A relatively non-spoilery quote from “The Man in the High Castle”, the TV series. I’ve finished the book itself a couple of months ago, while currently I’m trying to finish the mammoth of a book that is “Parallel Stories” by Peter Nadas, hopefully within this year.

Now that quote gives the perspective. Usually abstract-talking is more about evoking a mood, to seize a general feel about an idea, that in the end is either trite or whimsical. But that quote not only is precise and spot-on, but it also resonates with the series itself, and so lifting it even higher.

I’m not going to write about my impressions on the series, but I’ll say that I didn’t know there was a series when I read the book, and now I’m surprised to hear it’s getting a second season. The problem is that it ends up in a too tricky spot, and while it managed to stay almost faithful to the book, respecting it, a second season undermines it all. It’s walking a very fine line.

But until this point it sort-of complements the book, without directly belonging to the same space.

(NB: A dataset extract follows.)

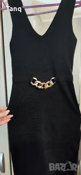 Дамска рокля с ефектен акцент. Роклята е нова. Финно машинно плетиво, голяма еластичност.

“The consequence of every thought, every action” is a good definition of determinism. “Bound by time and space” is a good definition of a life. “The truth of life” is the truth of that dichotomy, the impossibility of true return. Of crossing the barrier that divides the two.

The TV series did a great job putting good characters on the stage, so it did a good job showing people and circumstances. It created a good “story”, where story means linking events in a way that makes sense, showing what’s needed: empathy with characters, without taking sides. The book instead showed pieces of a fictional reality that was held up, hooked to an authoritative system of truth. A greater truth, that you could glimpse, if not belong to. It was about fiction becoming self-aware. Which again is a manifestation of the truth.

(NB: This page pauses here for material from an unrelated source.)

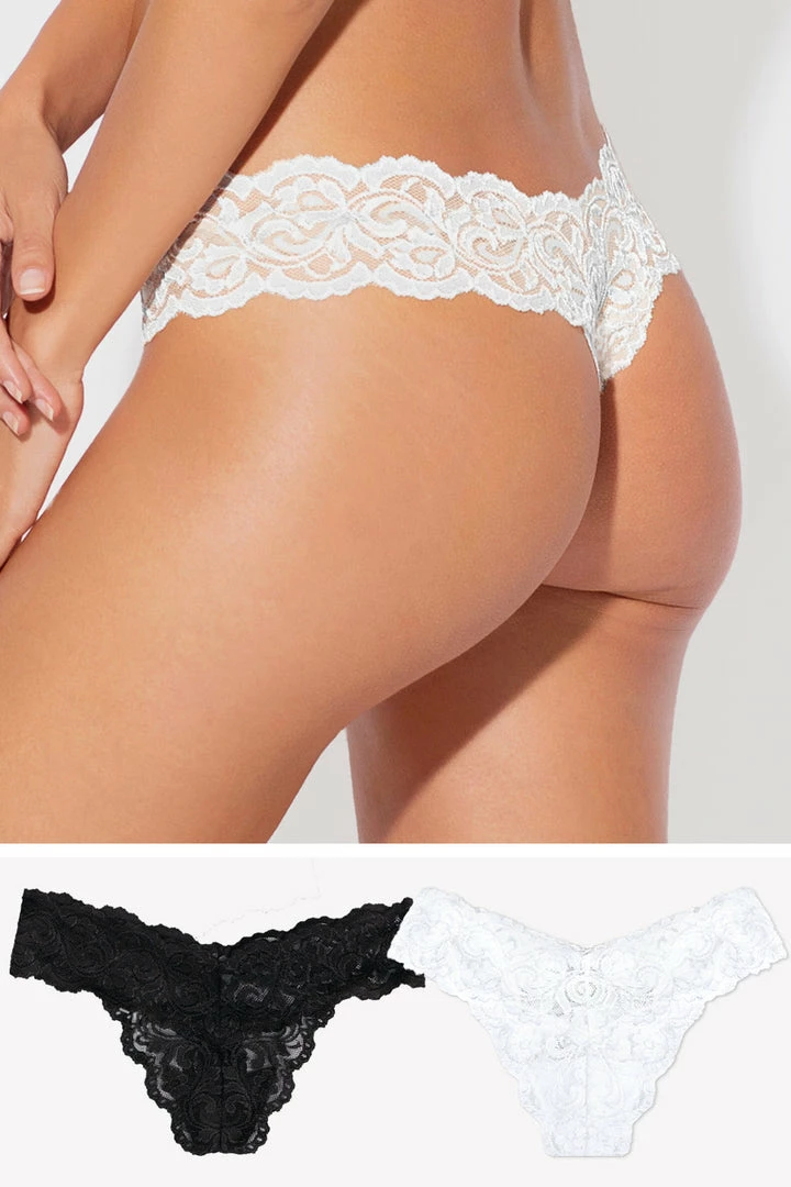 - Lace thongs can be worn low on the hips for a hipster panty look, or higher on the hips to elongate the look of the legs.

But the TV series, with the jump from what it did, and over to what it will try, violates the rules. You cannot simply change one thing in the course of determinism in order to explore alternatives, as if in a multiverse. Because that one element is still produced by what comes before it, you cannot extrapolate in a very convenient way. We are “unable to steer our destiny” because, from the system, we are witnesses, not actors.